[Stored data entries]
···

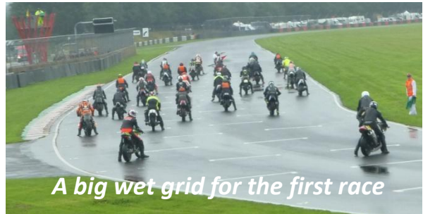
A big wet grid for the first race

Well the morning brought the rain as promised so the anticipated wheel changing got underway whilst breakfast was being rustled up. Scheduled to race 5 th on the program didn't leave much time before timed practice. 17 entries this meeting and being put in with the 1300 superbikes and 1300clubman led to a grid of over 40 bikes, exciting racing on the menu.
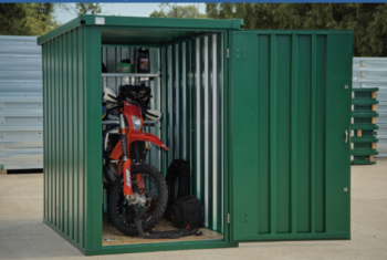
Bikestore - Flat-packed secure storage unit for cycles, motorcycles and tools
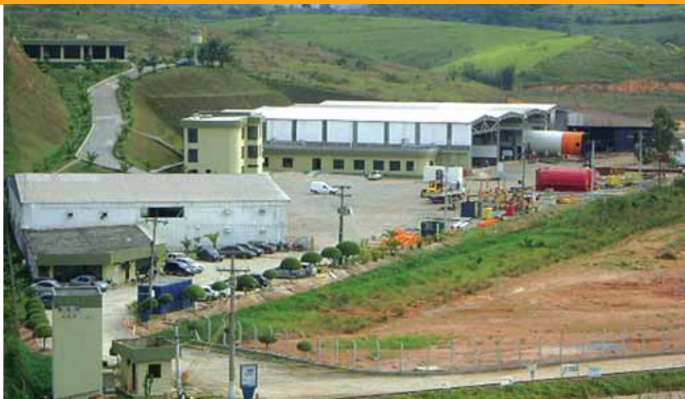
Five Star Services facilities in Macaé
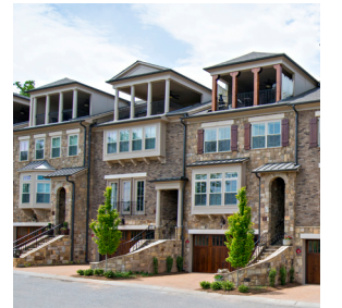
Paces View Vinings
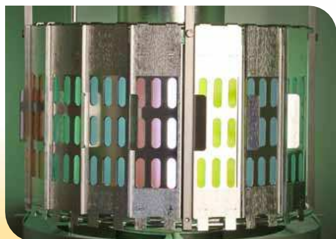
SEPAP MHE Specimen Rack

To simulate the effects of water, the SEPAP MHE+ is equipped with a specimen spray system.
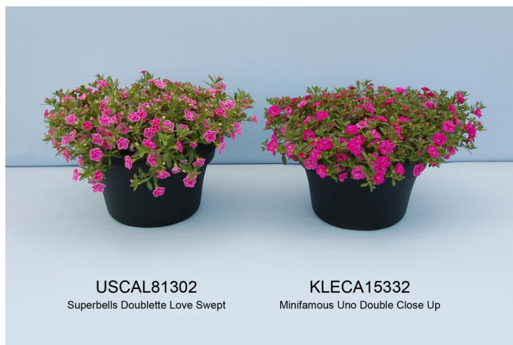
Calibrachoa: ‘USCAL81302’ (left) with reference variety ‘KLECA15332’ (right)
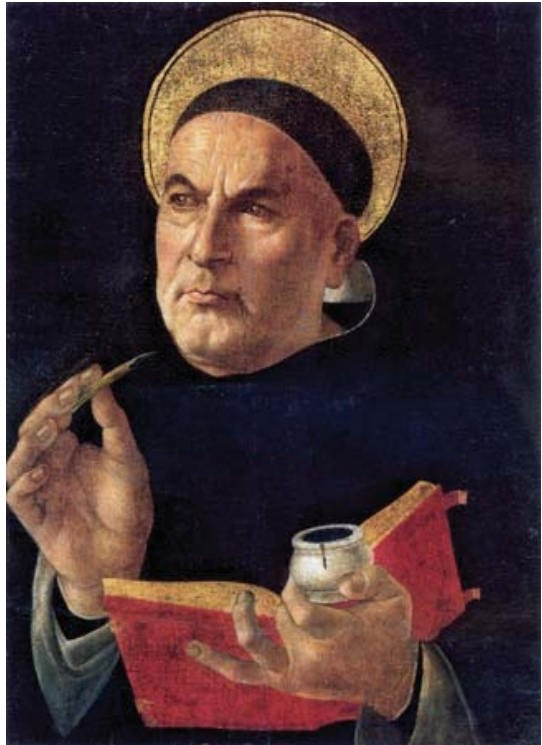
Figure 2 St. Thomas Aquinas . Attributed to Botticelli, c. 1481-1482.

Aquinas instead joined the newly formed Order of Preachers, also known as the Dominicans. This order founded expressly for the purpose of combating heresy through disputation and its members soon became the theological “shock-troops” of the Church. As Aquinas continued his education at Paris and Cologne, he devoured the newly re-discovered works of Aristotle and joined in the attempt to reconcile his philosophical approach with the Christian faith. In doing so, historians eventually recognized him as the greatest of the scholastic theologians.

···

Beginning at the line with "Well the morning", reproduce word for word each line through the last line of the records. Include both ends but no pictures.

__Task result__
Well the morning brought the rain as promised so the anticipated wheel changing got underway whilst breakfast was being rustled up. Scheduled to race 5 th on the program didn't leave much time before timed practice. 17 entries this meeting and being put in with the 1300 superbikes and 1300clubman led to a grid of over 40 bikes, exciting racing on the menu.
Bikestore - Flat-packed secure storage unit for cycles, motorcycles and tools
Five Star Services facilities in Macaé
Paces View Vinings
SEPAP MHE Specimen Rack

To simulate the effects of water, the SEPAP MHE+ is equipped with a specimen spray system.
Calibrachoa: ‘USCAL81302’ (left) with reference variety ‘KLECA15332’ (right)
Figure 2 St. Thomas Aquinas . Attributed to Botticelli, c. 1481-1482.

Aquinas instead joined the newly formed Order of Preachers, also known as the Dominicans. This order founded expressly for the purpose of combating heresy through disputation and its members soon became the theological “shock-troops” of the Church. As Aquinas continued his education at Paris and Cologne, he devoured the newly re-discovered works of Aristotle and joined in the attempt to reconcile his philosophical approach with the Christian faith. In doing so, historians eventually recognized him as the greatest of the scholastic theologians.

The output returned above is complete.